Erstsemester-Blog

Julia Twachtmann (Ersti 2009)Julia Twachtmann (Ersti 2009)  |  27. Januar 2010, 22:21

Endspurt

Die Semesterferien rücken immer näher und vorher gibt es noch einiges zu tun.

In den Wochen nach Weihnachten habe ich meine erste Hausarbeit geschrieben. Sie trägt den Titel: AUTISMUS – Selbstbestimmung und gesellschaftliche Integration bei einer Beeinträchtigung. Das Thema habe ich mir selber ausgesucht.

Ich muss sagen, bis zur Abgabe hat mir das Schreiben hin und wieder Sorgen gemacht. Ich habe zahlreiche Bücher angelesen, nur um festzustellen, dass das gewählte Buch doch nicht zum Thema passt. Das war anstrengend. Und wenn dann doch eine passende Textstelle gefunden war, musste ich mich erst einmal mit den Regeln zum Zitieren rumschlagen. In Sonderpädagogik haben wir einen Reader zum Wissenschaftlichen Arbeiten bekommen, an dessen Vorgaben wir uns halten müssen. Dabei gibt es gefühlte 100 verschiedene Zitierweisen. :P Aber nicht nur daran habe ich mich aufgehalten. Ich habe einzelne Teile immer und immer wieder umgeschrieben. An manchen Tagen kam ich ganz gut voran, an anderen gar nicht. Schlussendlich war sie jedoch fertig (ich ebenfalls, mit den Nerven) und konnte abgegeben werden. Das war ein gutes Gefühl. Ein Meisterwerk ist sie nicht, aber für die erste Hausarbeit bin ich ganz zufrieden. :) Eine Note gibt es diesmal nicht, aber ich bin dennoch gespannt auf die Rückmeldung. Meiner Meinung nach war das Schreiben eine gute Übung, da man aus seinen Fehlern bekanntlich lernen kann.
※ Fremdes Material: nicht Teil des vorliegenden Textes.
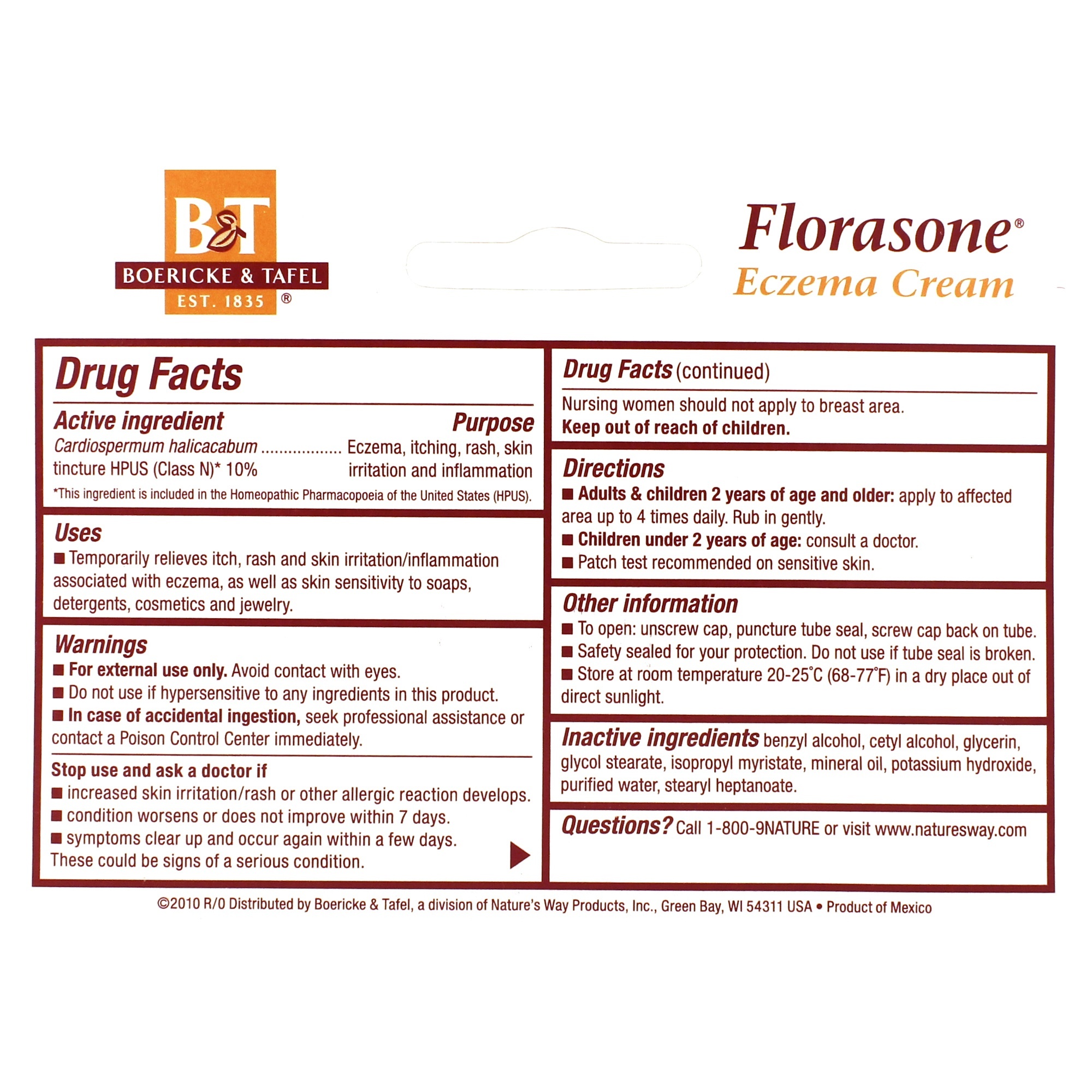 For years, skin specialists and family doctors in Europe have recommended the use of Florasone® Cardiospermum Cream as a natural alternative to cortisone for the itching, redness and rashes that accompany eczema. Florasone® Cardiospermum Cream absorbs quickly into the skin without the side effects common to steroidal cortisone. It contains no animal products, and leaves no greasy residue.

Desweiteren habe ich ein Referat gehalten, das mir nicht gut in Erinnerung geblieben ist. Es war schrecklich. Ich bin vor lauter Aufregung fast gestorben. Gar nicht so leicht, sich nach einer langen Zeit, in der man keine Vorträge halten musste, vor eine Gruppe von Leuten zu stellen und was zu irgendeinem Thema zu erzählen. Aber abgehakt, das habe ich nun auch hinter mir, obwohl ich befürchte, dass das nicht das letzte Referat meiner Studienzeit gewesen sein wird. :P

Nun ja, das nächste was ansteht ist eine Soziologie-Klausur. Bis diese am 8. Februar geschrieben wird, muss ich noch die eine oder andere Stunde lernen. Parallel dazu lerne ich noch für meine mündliche Prüfung in Philosophie. Die findet genau eine Woche später statt und dreht sich im Kern um Metaphysik/Gottesbeweise. Auch dafür muss ich einiges wissen, was bis jetzt noch nicht in meinem Kopf ist. Immerhin beginnt Ende der nächsten Woche die vorlesungsfreie Zeit und ich kann mich voll und ganz den Prüfungen widmen. :P

Doch nicht nur die Prüfungen kündigen das baldige Ende des Semesters an. Seit Montag dieser Woche werden nach und nach die einzelnen Seminare für das Sommersemester freigeschaltet und der Kampf um begehrte Plätze beginnt. Ich habe die Prozedur zu Beginn des Wintersemesters schon einmal beschrieben und es hat sich seitdem nichts geändert. Diesmal bin ich jedoch darauf vorbereitet und sitze so wie heute mit meinem Laptop in der Uni und warte mit einigen anderen darauf, dass die Uhr von 10.59 auf 11.00 umspringt und man sich für die Veranstaltung anmelden kann. Jeder hofft dabei auf eine schnelle Internetverbindung, weil es durchaus vorkommt, dass die 45 Plätze in begehrten Seminaren schon nach einer Minute belegt sind und man lediglich einen Platz auf der Warteliste bekommt. Stressig ohne Ende. Aber immerhin, ich muss diese Woche nur noch zweimal punktgenau klicken bis mein Stundenplan für das zweite Semester fertig ist. Wenn alles so klappt, wie ich mir das ausgedacht habe, dann habe ich einen ziemlich guten Stundenplan. :)

Bis jetzt habe ich trotz des steigenden Prüfungsdrucks noch genügend Zeit mich hin und wieder mal mit den alten oder neuen Freunden zu treffen und einen Kaffee zu trinken. Das lenkt mich zumindest für den Moment ganz wunderbar ab und lässt mich Referate, Lernstoff und Stundenpläne vergessen.